Salvage logging - removing trees from a forested area in the wake of a catastrophic event such as a wildfire or hurricane - is highly controversial. Policymakers and those with an economic interest in harvesting trees typically argue that damaged areas should be logged so as to avoid "wasting" resources, while many forest ecologists contend that removing trees following a disturbance is harmful to a variety of forest species and can interfere with the natural process of ecosystem recovery."Salvage Logging and Its Ecological Consequences" brings together three leading experts on forest ecology to explore a wide range of issues surrounding the practice of salvage logging. They gather and synthesize the latest research and information about its economic and ecological costs and benefits, and consider the impacts of salvage logging on ecosystem processes and biodiversity.

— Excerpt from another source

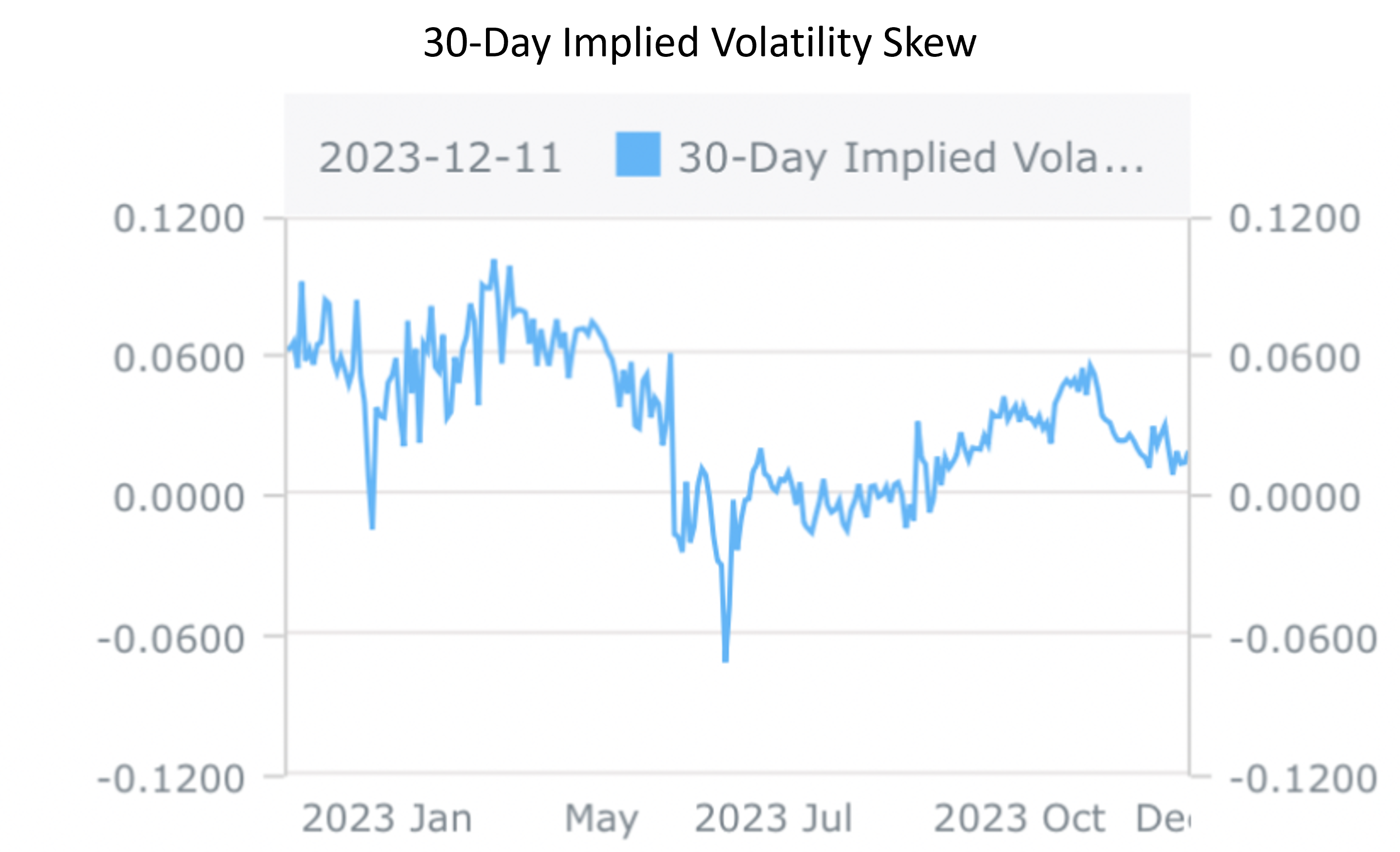 There were a few examples of this in 2023. For example, we saw this with Nvidia (NVDA) after its dramatic earnings beat and guidance that caused extreme stock chasing. We’ve also seen this play out in the pharmaceutical sector based on the recent infatuation with weight loss drugs. These shifts caused substantial elevation in implied volatility on the call side and a rare flattening in skew.

The book examines: what salvage logging is and why it is controversial; natural and human disturbance regimes in forested ecosystems; differences between salvage harvesting and traditional timber harvesting; scientifically documented ecological impacts of salvage operations; and, the importance of land management objectives in determining appropriate post-disturbance interventions.Brief case studies from around the world highlight a variety of projects, including operations that have followed wildfires, storms, volcanic eruptions, and insect infestations. In the final chapter, the authors discuss policy management implications and offer prescriptions for mitigating the impacts of future salvage harvesting efforts."Salvage Logging and Its Ecological Consequences" is a "must-read" volume for policymakers, students, academics, practitioners, and professionals involved in all aspects of forest management, natural resource planning, and forest conservation.
David B. Lindenmayer is professor of ecology and conservation science in the Fenner School of Environment and Society at the Australian National University in Canberra. Philip J. Burton is manager of northern projects at the Pacific Forestry Centre, Canadian Forest Service, in Prince George, British Columbia. Jerry F. Franklin is professor of ecosystem analysis in the College of Forest Resources at the University of Washington in Seattle.